Комендант не стряхнул иней с бровей, не снял огромных меховых рукавиц, не сбросил капюшона с фуражки. Пусть господин полковник видит, какой нелегкой была его поездка. Браво пристукнув обмерзлыми темно-коричневыми бурками, комендант отрапортовал:

— Господин полковник, розыски дали нам хорошую надежду. Этой же ночью русские летчики будут стоять перед вами. Есть верные следы, господин полковник. Мой опыт меня не подводил в таких делах.

Тонкие, посиневшие от холода губы коменданта нечетко выговаривали слова. Внешний вид его тронул Тормана больше, чем его рапорт. Торман удовлетворенно опустился в кресло и показал коменданту на стул. Резким неуклюжим движением комендант присел и сразу же вскочил, шаря в потайных карманах. Летчики тесной толпой сгрудились в дверях. Напряженность и ожидание чего-то еще не досказанного комендантом отразились на их раскрасневшихся потных лицах.

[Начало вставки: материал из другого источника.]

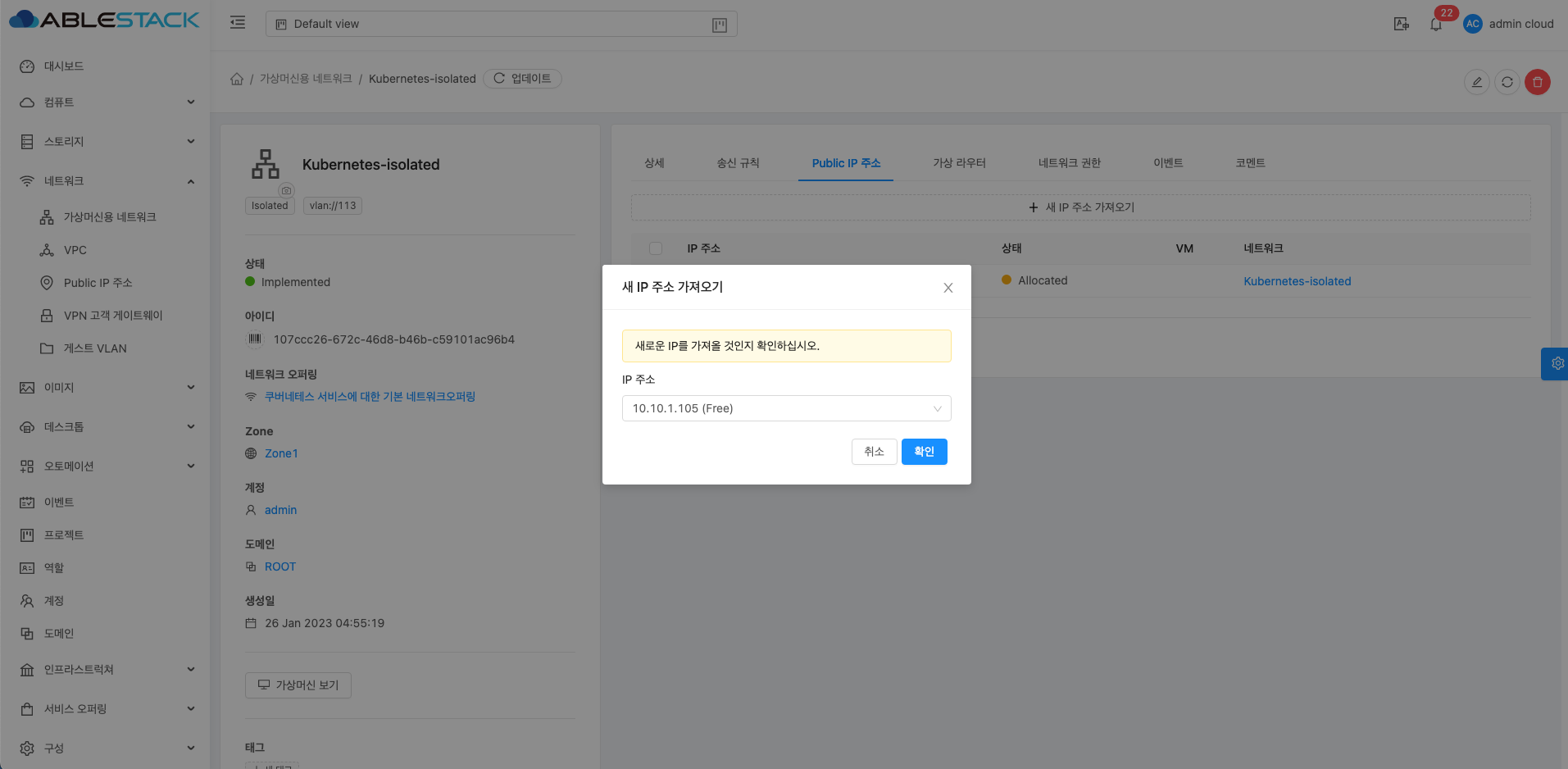 네트워크 > 가상머신용 네트워크 리스트 화면에서 네트워크 선택 후 Public IP 주소 탭에서 새 IP 주소 가져오기 버튼을 클릭 후 IP 선택 후 확인 버튼을 클릭 하여 새 IP 할당

— Вот вам доказательство! — Комендант положил перед полковником наручные золотые часы с оборванным ремешком. — Я сам поднял их на пути, по которому убегали русские, господин полковник!

В зале было слышно, как заскрипело кресло под Торманом. Взяв часы за кусочек ремешка, словно мышь за хвостик, он поднял их вверх над собой, ближе к лампе. Золотой «кирпичик» сиял под бледными лучами карбидного огня.

— Зи-зи-зиф, — вслух прочел полковник. — Что такое зиф? — Спросил он, усмехаясь. — Стоят?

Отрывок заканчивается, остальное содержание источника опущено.